**Work instructions:** The copy should begin at the line containing "南正雄先生の現代アートの絵画" and end with the last line below, every line exact and no picture included.

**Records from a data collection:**
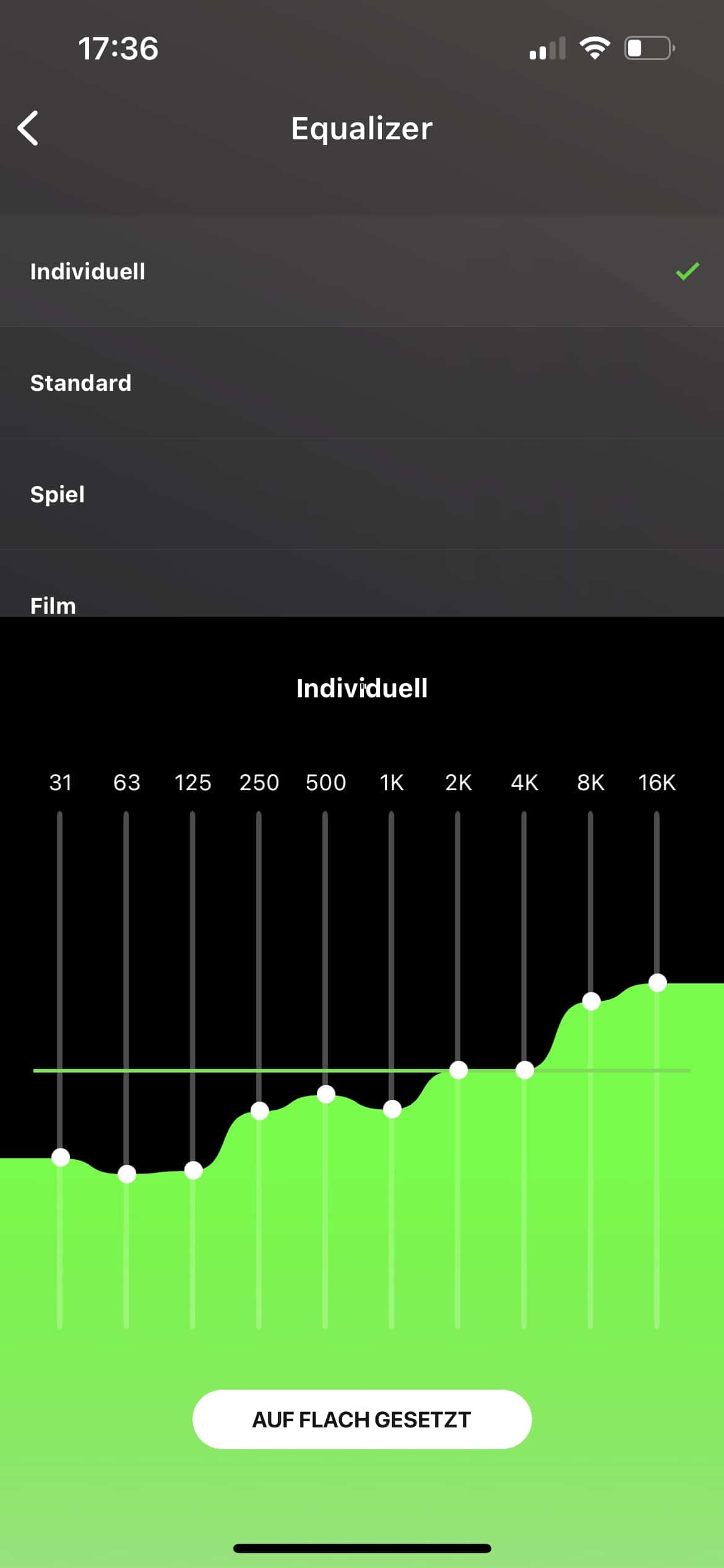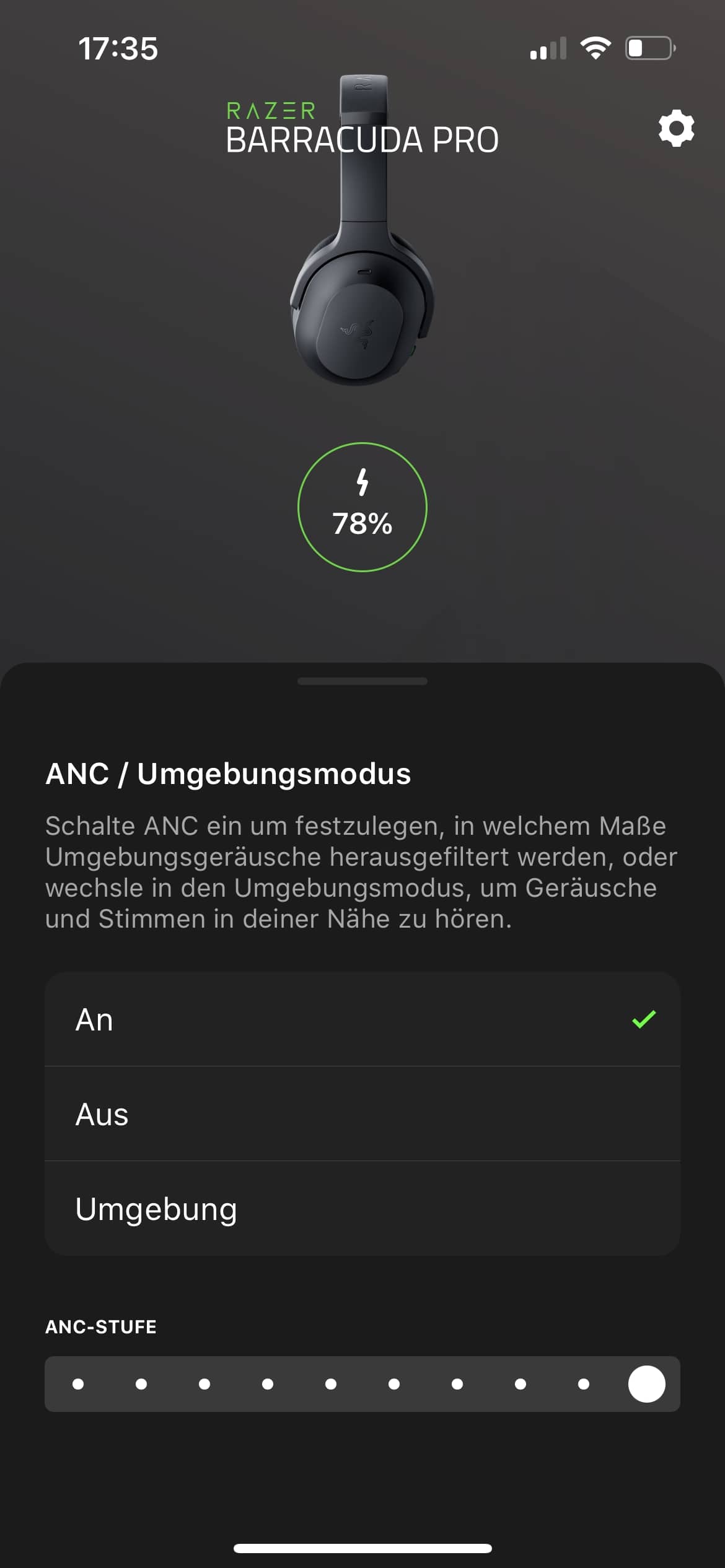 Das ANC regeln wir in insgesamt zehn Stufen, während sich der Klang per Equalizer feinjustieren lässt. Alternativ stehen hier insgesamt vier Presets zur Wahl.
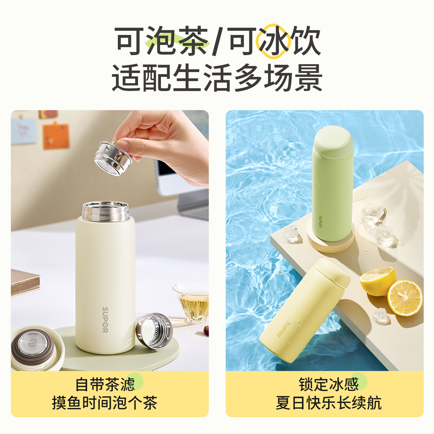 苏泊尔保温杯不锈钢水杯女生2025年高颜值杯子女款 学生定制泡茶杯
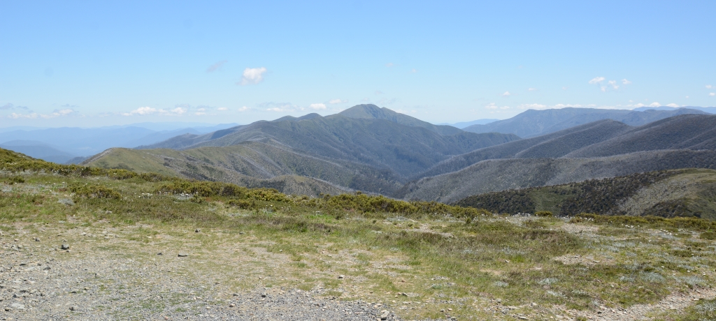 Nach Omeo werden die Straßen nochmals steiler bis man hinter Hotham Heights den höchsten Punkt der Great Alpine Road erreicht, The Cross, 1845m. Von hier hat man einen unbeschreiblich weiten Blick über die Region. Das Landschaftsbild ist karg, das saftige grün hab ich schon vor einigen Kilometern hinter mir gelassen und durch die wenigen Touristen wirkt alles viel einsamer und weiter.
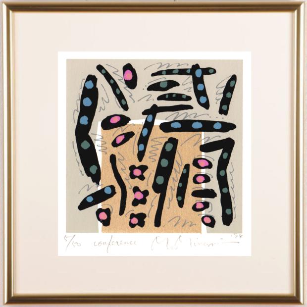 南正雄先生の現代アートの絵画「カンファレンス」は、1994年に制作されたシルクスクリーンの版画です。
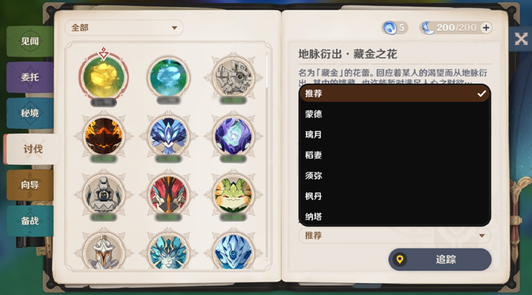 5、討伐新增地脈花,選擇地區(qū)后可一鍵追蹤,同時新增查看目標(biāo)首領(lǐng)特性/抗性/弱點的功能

**Answer box:**
 南正雄先生の現代アートの絵画「カンファレンス」は、1994年に制作されたシルクスクリーンの版画です。
 5、討伐新增地脈花,選擇地區(qū)后可一鍵追蹤,同時新增查看目標(biāo)首領(lǐng)特性/抗性/弱點的功能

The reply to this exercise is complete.